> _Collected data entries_
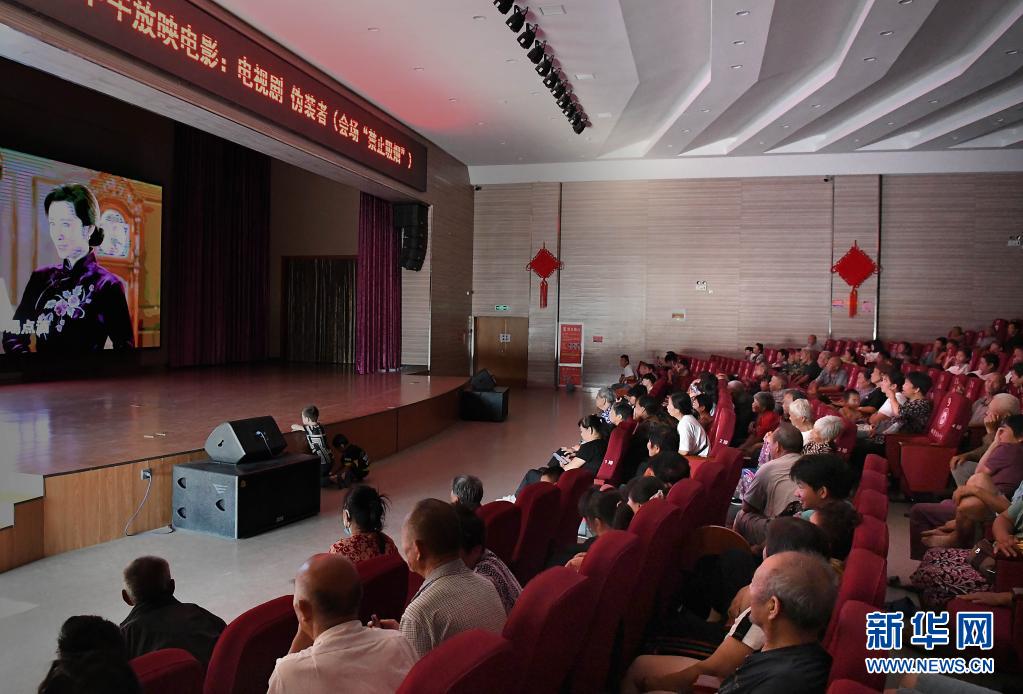 7月29日,在鹤壁市浚县黎阳中学长丰校区安置点,转移群众在礼堂内观看电视剧。
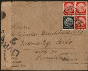 DESCRIÇÃO:Ano 1935 - Envelope vindo da Alemanha para Vitória (ES) com chegada. Porteado com 4 selos regulares. Duplo carimbo ref 1.6.8.0 +...
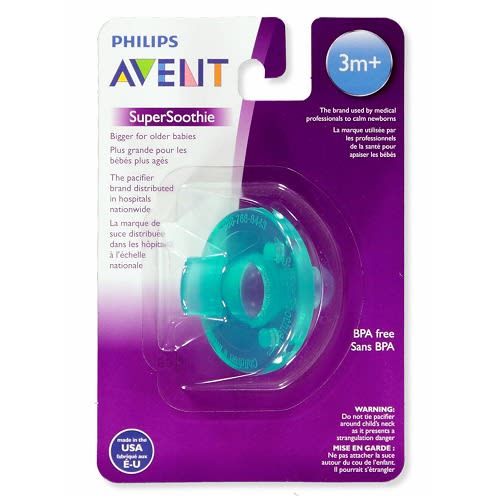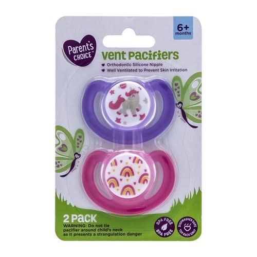 Comfort your baby with these Pacifiers. These silicone pacifiers feature a soft orthodontic nipple that works to soothe and calm your sweet little one. Each pacifier is made with BPA-free materials, making them a safe product for your baby to enjoy, and their slightly curved shield design with ventilation holes prevents skin irritation. With two pacifiers in every pack for children six months and older, you'll be able to keep your baby's mood bright and content. When you're ready to disinfect your baby's pacifiers, just toss them onto the top shelf of your dishwasher to make cleaning a breeze. Complete your baby's nursery with a pack of these Pacifiers.
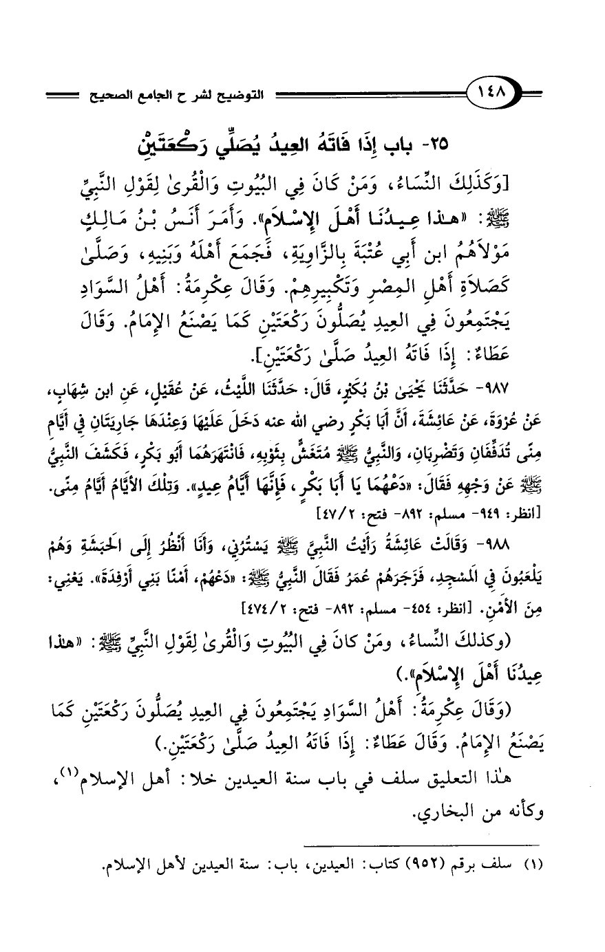 [وَكَذَلِكَ النِّسَاءُ، وَمَنْ كَانَ فِي البُيُوتِ وَالقُرَى لِقَوْلِ النَّبِيِّ - صلى الله عليه وسلم -: "هَذَا عِيدُنَا أَهْلَ الإِسْلاَمِ". وَأَمَرَ أَنَسُ بْنُ مَالِكٍ مَوْلاَهُمُ ابْنَ أَبِي عُتْبَةَ بِالزَّاوِيَةِ، فَجَمَعَ أَهْلَهُ وَبَنِيهِ، وَصَلَّى كَصَلاَةِ أَهْلِ المِصْرِ وَتَكْبِيرِهِمْ. وَقَالَ عِكْرِمَةُ: أَهْلُ السَّوَادِ يَجْتَمِعُونَ فِي العِيدِ يُصَلُّونَ رَكْعَتَيْنِ كَمَا يَصْنَعُ الإِمَامُ. وَقَالَ عَطَاءٌ: إِذَا فَاتَهُ العِيدُ صَلَّى رَكْعَتَيْنِ.]
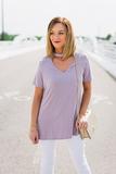 This violet mock neck tee combines comfort,luxury and fun to give you the ultimate wardrobe staple. It's bamboo blended fibers provide for the softest feel and the highest quality.
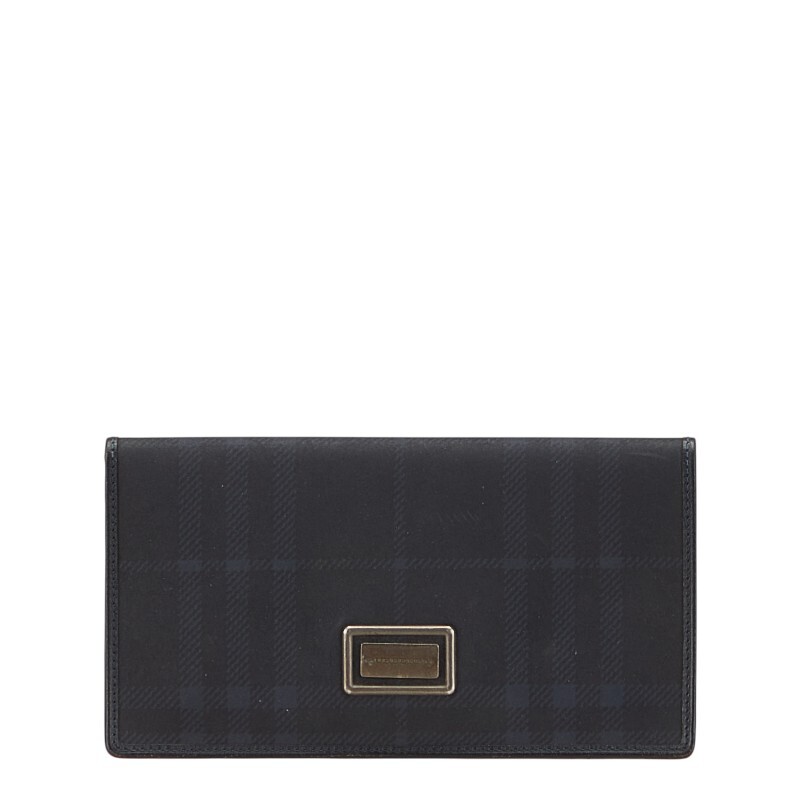 > バーバリー チェック 長財布 ブラック ネイビー スウェット レザー レディース BURBERRY 【中古】
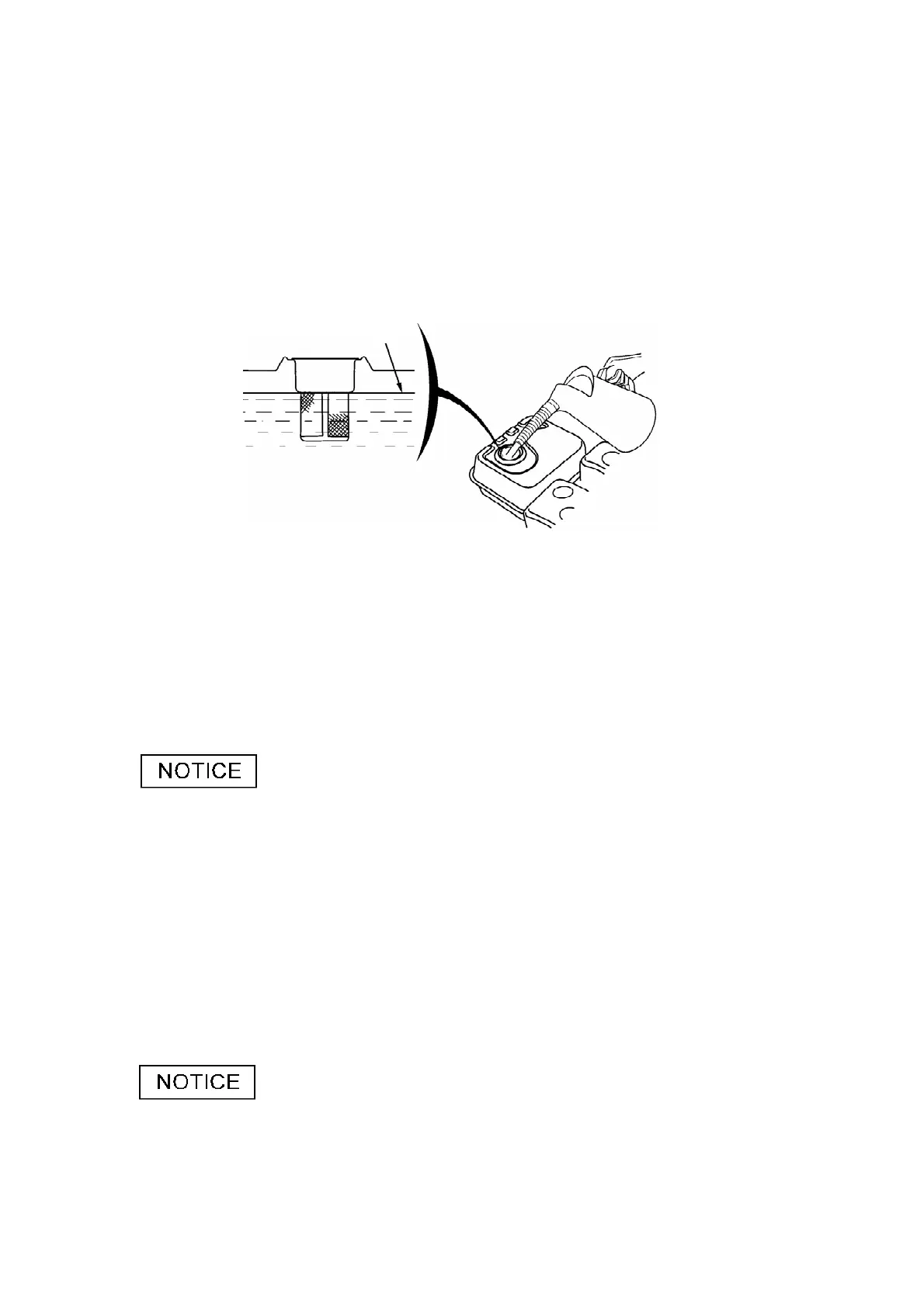 tank above the fuel strainer shoulder. After refueling, tighten the fuel tank cap
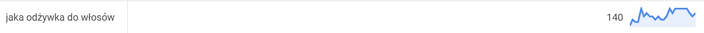 Nawet najciekawszy artykuł nie przyniesie ruchu organicznego, jeśli nie będzie dobrze rankować. Evergreen content musi więc być zoptymalizowany pod SEO i uwzględniać m.in. odpowiednie frazy kluczowe. Jakie wybierać? Z pewnością warto skupić się na słowach z pozytywnym trendem. Są to te keywordsy, które są popularne na przestrzeni kilkunastu-kilkudziesięciu miesięcy. Takim przykładem jest fraza „jaka odżywka do włosów”:

> _EXERCISE GOAL_
All lines from the start of the entries above through the line containing "DESCRIÇÃO:Ano 1935 - Envelope" must be transcribed exactly, both ends included, and no picture may be copied.

> _ANSWER SECTION_
 7月29日,在鹤壁市浚县黎阳中学长丰校区安置点,转移群众在礼堂内观看电视剧。
 DESCRIÇÃO:Ano 1935 - Envelope vindo da Alemanha para Vitória (ES) com chegada. Porteado com 4 selos regulares. Duplo carimbo ref 1.6.8.0 +...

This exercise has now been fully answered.